Nel primo pomeriggio di un giorno di Settembre, un ragazzo di origini marocchine si presenta in Questura a Brescia per chiedere informazioni sulle pratiche da eseguire per organizzare una manifestazione di protesta contro il film blasfemo sul profeta Maometto e le violenze perpetrate dagli israeliani ai danni dei palestinesi. Al tempo stesso il giovane vuole presentare la vera immagine dell'Islam come religione di pace e giustizia.
Ad accoglierlo c'è l'assistente capo Pinto coadiuvato da due ispettori. I poliziotti ascoltano con interesse il ragazzo. Quando questi manifesta la volontà di bruciare le bandiere israeliane ed americane, iniziano a drizzare le antenne e lo fanno parlare il più possibile per cercare di inquadrarlo meglio. Si tratta di un ragazzetto sveglio che s'interessa di diverse vicende. Dall'attivismo di Forza Nuova al caso di un altro ragazzo di origini marocchine arrestato di recente perchè intenzionato a compiere un attentato contro la sinagoga di Milano.
Un personaggio come Anjem Choudary, che ha largamente contribuito ad ispirare l'orientamento del giovane marocchino e di tanti altri come lui, in Italia non avrebbe avuto vita facile. Anche con la vecchia legge sarebbe stato sbattuto in galera molto prima di quanto c'è voluto in Inghilterra.
Il sistema legale inglese e il sistema di vita in generale, molto più accoglienti e anche meno opprimenti del nostro, sono quelli ai quali ora fanno appello molti dei foreign fighters ai quali viene offerto un microfono in questi giorni.
Questi ragazzi per loro stessa ammissione sono partiti pienamente convinti delle proprie azioni. Quando lo hanno fatto però, hanno rigettato quel complesso di valori (sistema giudiziario incluso) al quale oggi chiedono una seconda possibilità, per abbracciare il progetto di califfato. Hanno dichiarato fedeltà ad Al Baghdadi e messo da parte il loro passato. Hanno virtualmente bruciato (in molti casi lo hanno fatto anche fisicamente mettendosi in mostra in video) la loro carta d'identità.

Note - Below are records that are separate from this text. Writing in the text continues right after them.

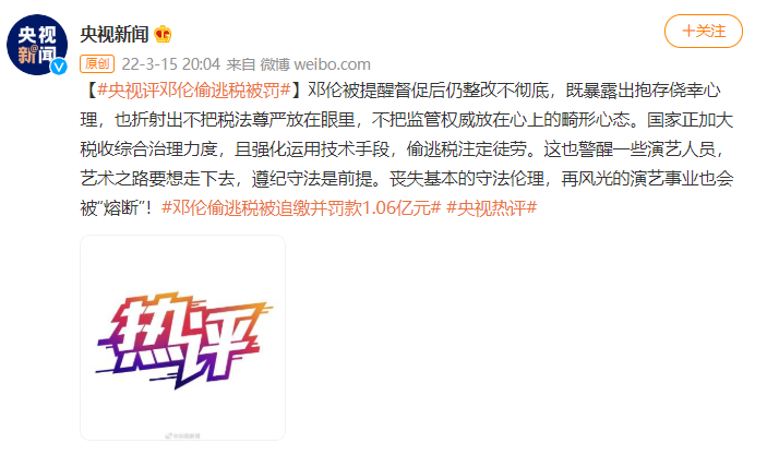 据@央视新闻 ,邓伦被提醒督促后仍整改不彻底,既暴露出抱存侥幸心理,也折射出不把税法尊严放在眼里,不把监管权威放在心上的畸形心态。国家正加大税收综合治理力度,且强化运用技术手段,偷逃税注定徒劳。这也警醒一些演艺人员,艺术之路要想走下去,遵纪守法是前提。丧失基本的守法伦理,再风光的演艺事业也会被“熔断”!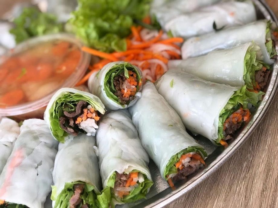 Il Banh Cuon è un panino di riso al vapore con carne di maiale macinata, funghi e scalogno tritato. Questi sottili involtini di riso vengono serviti con salsa di pesce, zucchero e salsa di succo di lime. Questo street food di Hanoi è una scelta popolare per la colazione ad Hanoi e può essere trovato in quasi tutti i quartieri.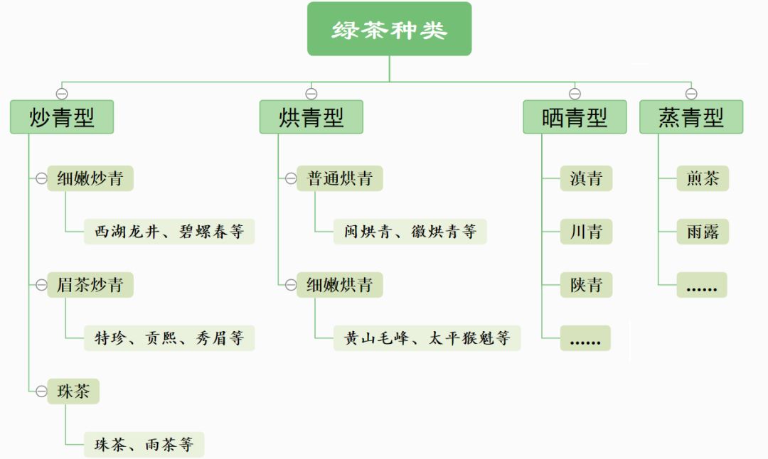 绿茶根据其制作工艺的不同,主要分成炒青型、烘青型、晒青型、蒸青型四个大类,根据其形态、或产地等因素,再细分为各个品类的绿茶,比如西湖龙井、黄山毛峰、太平猴魁等我们耳熟能详的知名茶。同时,在存储绿茶的过程中,要避免潮湿、高温、阳光和以异味,密封保存。

La crisi identitaria che li ha colpiti e che ha fatto sì che non riuscissero a trovare un punto di contatto tra il loro essere musulmani (secondo i dettami stabiliti dal califfato) e il loro essere cittadini inglesi o di qualsiasi altra nazione occidentale, ne ha determinato la scelta di partire.
Ogni musulmano crede nella Sharia come unico sistema valido per regolare la vita di una società. Ciò non gli preclude però la possibilità di vivere appieno come cittadino in un sistema diverso osservandone le regole. L'Islam è religione universale nel tempo e nello spazio. E' un sistema di vita perfettamente compatibile ed integrabile in altri.

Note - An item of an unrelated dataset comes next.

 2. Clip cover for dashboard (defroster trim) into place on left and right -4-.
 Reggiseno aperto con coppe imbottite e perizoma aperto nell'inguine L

Finchè quei ragazzi non risolveranno la crisi identitaria che li ha colpiti trovando il punto d'unione tra i mondi ai quali appartengono, non gli si può concedere un'altra possibilità o il ritorno. Risulta troppo facile fare appello ai valori un tempo rigettati, adesso che hanno come unica alternativa quella di essere giudicati da un tribunale iracheno o siriano oppure di rimanere sotto il controllo dei curdi.
Bisogna valutare anche con attenzione lo stato dei loro figli.
Bimbi cresciuti in un contesto difficile come i figli di mafia e camorra.
Poi si può anche discutere delle responsabilità da condividere per tutto quanto accaduto in questi anni. Oppure della effettiva validità, sotto il profilo della sicurezza nazionale, di un provvedimento come quello della revoca della cittadinanza per ridurre i rischi sul nostro suolo.
Ma non si può restituire loro con tanta facilità l'accesso a quei diritti rigettati quando hanno sottoscritto il patto di alleanza con Al Baghdadi.